Now they’re putting a bit of pressure on everyone in every certain area, and then the star riders might have the pressure in the bigger races but then, with the way its set up now, we’re picking up results here and here and that just builds up momentum and then confidence to really get things moving in the right direction,” he said.
But coaching and philosophy can only go so far, and once Sky goes to the front, for example, and whacks the field over the head with a box of power meters, it’s up to the man on the road to respond. Van Garderen likes having a stated goal — the Tour de France, for example.
“I definitely like having a clear goal, because like I said, last year it seemed like every race I went to, it was like, ‘you’re the GC so it’s for you.’ I had a lot of good results and good races last year, but then if I would randomly have a bad race, say País Basque (Tour of the Basque Country), it would be a case of ‘what went wrong, you were our guy.’ I was then like, ‘I was your guy everywhere, I can’t be good all the time,’” he said. “So we’ve laid out a clear map, clear goals, so everyone has a plan. I like that a lot better.”

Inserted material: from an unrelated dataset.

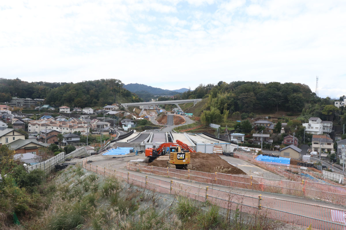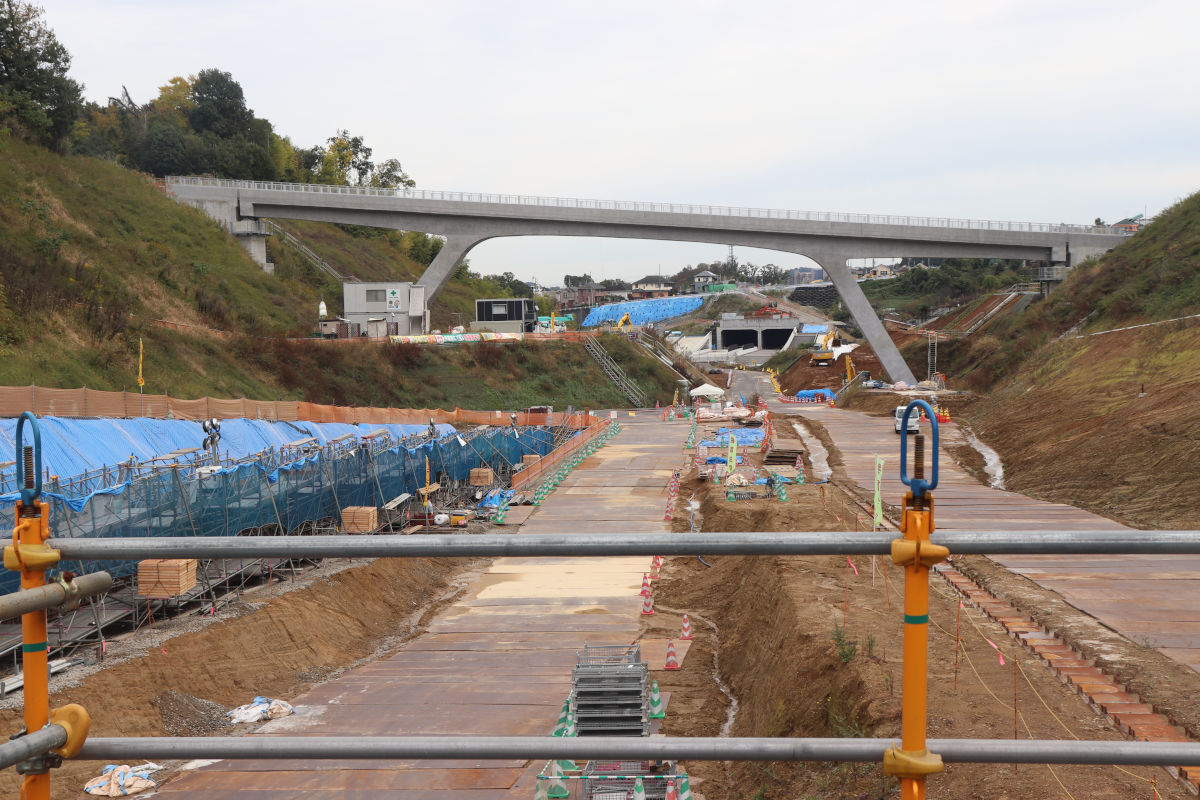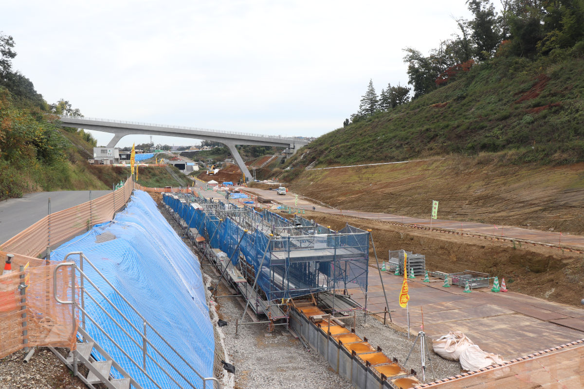下り線側を「その1工事」で、上り線側を「その2工事」で施工し、そのほか掘削も行われ、一部では将来の道路面付近まで掘削が完了します。

From here, van Garderen will focus on major stage races before France, the usual Tour contender spate: Paris-Nice, Tour de Romandie, Critérium du Dauphiné, and then the Tour de France, where he’d like to better last year’s 45th place. He finished fifth in 2012 and won the best young rider’s white jersey.
“It’s hard to hold a winning level all the way from May to the Tour, so if I were to race California, they would say that they would want me to race it just to get some racing kilometers in and sit in the pack and chill. It wouldn’t feel right to go there as defending champion without the fitness to try to win, so. … And if you burn matches too early, you might not have many left in July,” he said.
Life after Lelangue for van Garderen
BMC Racing split with longtime director John Lelangue immediately following last year’s Tour de France. Van Garderen said that though he liked Lelangue, he thought there were perhaps others suited better to the job. The Belgian had taken the helm at the American team in 2008, following a long stint in communications with Tour owner ASO and a controversial assignment as team manager of Phonak during Floyd Landis’ 2006 doping scandal.
“John is a good guy and I liked him as a person, but as the leader of the team I did not think he was the best guy for the job. First of all he had never been a cyclist, so he didn’t really know what it felt like to be in the race, he didn’t have that sort of … I can’t think of what the word is. I think you have to have that feeling in order to know that … like, going back to what I was talking about before, relying too heavily on the stars to get results,” van Garderen said. “There were often times where you would see BMC on the front of the peloton, pulling everything back and being the strongest team taking control of everything, and then we’d lose. We kept pushing that same tactic over and over and over again, and I think that was the call of John.”
The season is young, as is van Garderen, at 25. But moving forward, there’s reason to be excited.
“I think now we have more of an aggressive style, more of a ‘cards close to your chest’ style, and I think we’re getting more results because of that,” van Garderen said.
The American will look to win a hand on Saturday when the Tour of Oman hits the mountains for his first test against the other Tour de France contenders.